As I previously reported, the broadcast side of the company was costing less and generating more revenue than the newspaper and Smith, who came from the broadcast side, put great emphasis on trying to buy more TV and radio stations.
But Smith continued trying to build that empire. “It’s fair to say that we were putting emphasis on the broadcast side of the business in terms of where we were putting investments,” Smith told Rich Kirchen and the Business Journal.
The purchase of more broadcast entities seemed the only way to increase revenue, but also added to debt. “So why do the deal” with Scripps? the Uppity Wisconsin blogger asked. “My guess is that Journal Communications felt compelled to dump some of its debt.”
Nearly every report about the deal has mentioned that the newly formed newspaper group, Journal Media Group, will have not a dollar of debt. “We said ‘Let’s make sure we give this company the best opportunity to be successful,'” Smith told Kirchen. “Let’s send it out with no debt.”

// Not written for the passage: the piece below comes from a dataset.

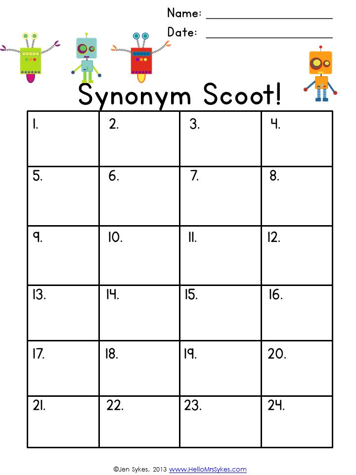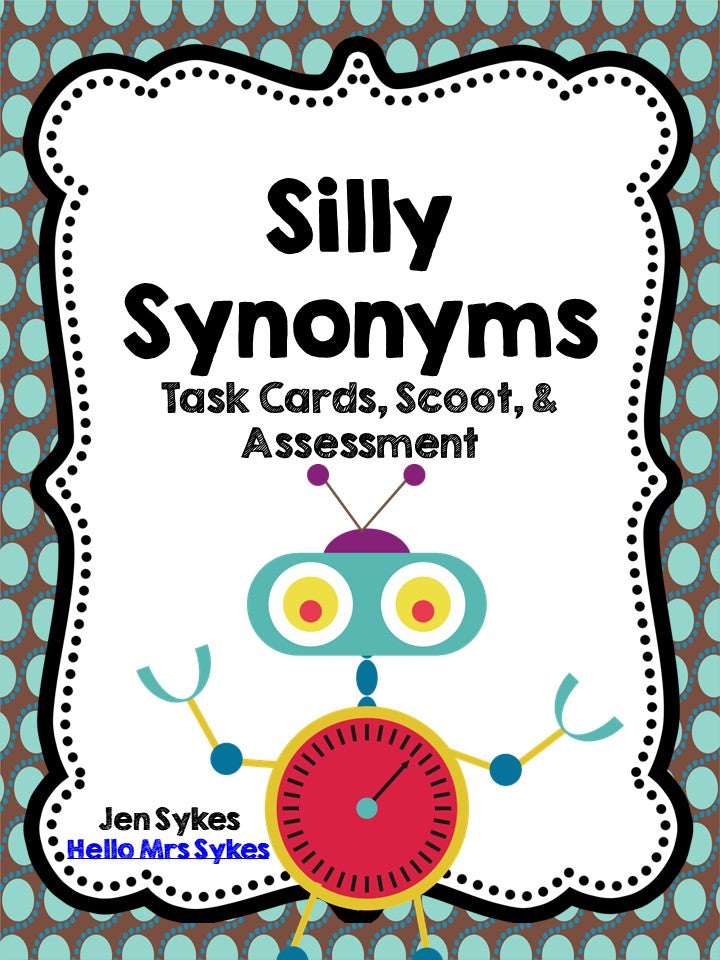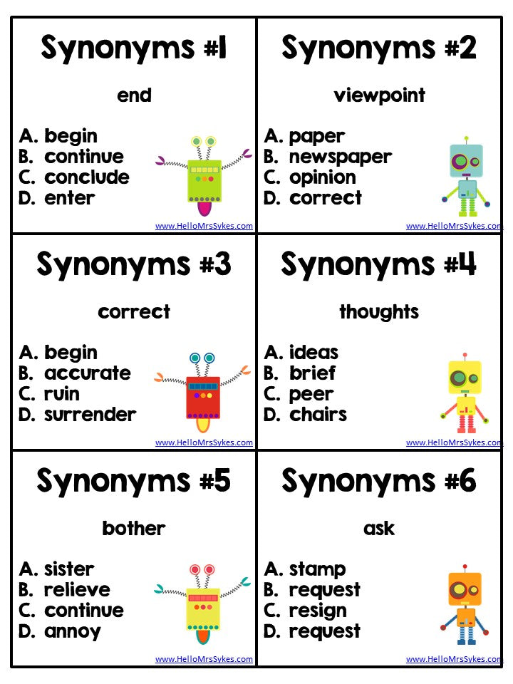 Use this packet to save you time as you differentiate instruction! The 24 Synonyms task cards are great to have on hand as an extension activity for early finishers, a remediation activity that can be led by a volunteer or paraprofessional, as a review prior to standardized testing, or to play Scoot. You can use the included robot-themed "Scoot" sheet to assess knowledge of Synonyms quickly. The Synonyms Practice Sheet can be used as a pre or post assessment. Answer keys provided. Download the preview for 6 free task cards, and a closer look at what is included!

But the price for that was high, as Smith had “to sell off those treasured TV/radio stations he acquired,” Uppity Wisconsin observes. Scripps got Smith’s entire broadcast empire (with Journal Communications shareholders getting a minority share of Scripps). And Scripps also got a majority of stock in Journal Media Group.
The reality is that Smith’s “acquisition-minded course to make the firm a much bigger multimedia player, mainly buying TV and radio outlets… didn’t go as well as expected on the financial side, except in the case of Smith’s own fortunes,” notes Uppity Wisconsin.
In one year alone, “he took home $2.2 million in compensation, including base salary, bonuses, changes in pension value, various other perks and the value of stock options. Meanwhile, the firm he oversees earned $22.2 million for the year. Yup, that’s right: Smith’s pay was equal to ten percent of the company’s entire net earnings in 2011,” Uppity Wisconsin writes.
“Even as Smith was being rewarded for overseeing a decline in JCI shareholder value and further cuts to the Journal Sentinel’s editorial operations,” the blogger continues, “rank and file employees struggled as they have for years with picayune pay, frozen pensions and work overloads.”
Smith’s final payout will be a golden parachute worth $8.7 million, which is his reward for handing his company over to Scripps.
As Torinus observes, “these kinds of mergers are much more likely to happen when a CEO nears retirement. It’s a final grand stroke, and a juicy departing paycheck for change of control generally accompanies the deal.”